The AgentApplication is intended to interact with the Python-based training/inference processes over the OpenGymMultiAgentInterface. This is primarily done by the AgentApplication::InferAction method(s), which call(s) OpenGymMultiAgentInterface::NotifyCurrentState. This interaction can happen timer-based (i.e. in fixed time intervals) or event-based (e.g. depending on how many observations were received). To have always access to the current observation and reward, which shall be sent to the Python side, the AgentApplication stores an m_observation and m_reward object.

1.4.2.4. Receiving, storing and calculating observations resp. rewards¶

To allow the AgentApplication to arbitrarily calculate observations and rewards based on the messages received from ObservationApplications and RewardApplications, these received messages have to be stored in the AgentApplication. For this purpose a new data structure, called HistoryContainer was designed. Each AgentApplication maintains one HistoryContainer for observations (m_obsDataStruct) and one for rewards (m_rewardDataStruct). m_obsDataStruct stores one deque for each connected ObservationApplication in which the newest m_maxObservationHistoryLength observations received from this ObservationApplication are stored.
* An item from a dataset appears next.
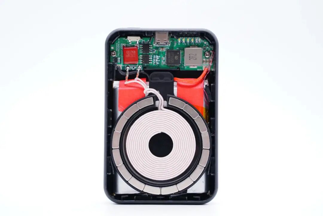 无线充电线圈绕制紧密,小磁铁也固定得很牢固。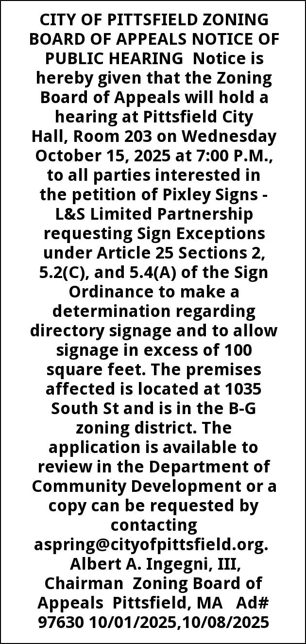 CITY OF PITTSFIELD ZONING BOARD OF APPEALS NOTICE OF PUBLIC HEARING Notice is hereby given that the Zoning Board of Appeals will hold a hearing at Pittsfield City Hall, Room 203 on Wednesday October 15, 2025 at 7:00 P.M., to all parties interested in the petition of Pixley Signs - L&S Limited Partnership requesting Sign Exceptions under Article 25 Sections 2, 5.2(C), and 5.4(A) of the Sign Ordinance to make a determination regarding directory signage and to allow signage in excess of 100 square feet. The premises affected is located at 1035 South St and is in the B-G zoning district. The application is available to review in the Department of Community Development or a copy can be requested by contacting aspring@cityofpittsfield.org. Albert A. Ingegni, III, Chairman Zoning Board of Appeals Pittsfield, MA Ad# 97630 10/01/2025,10/08/2025

Additionally, m_obsDataStruct contains another deque, which stores the newest observations received independent from the ObservationApplication. m_rewardDataStruct is used equivalently. In this way, the user can specify how much observation and reward data is stored in the AgentApplication and use it arbitrarily.

Besides storing the received data, it is necessary to inform the AgentApplication when an observation or a reward is received. The user can then specify the behavior of the AgentApplication in response to such a message. For example, the AgentApplication could wait for 10 observations before inferring the next action. This is done by registering the abstract methods AgentApplication::OnRecvObs and AgentApplication::OnRecvReward at the according ChannelInterfaces.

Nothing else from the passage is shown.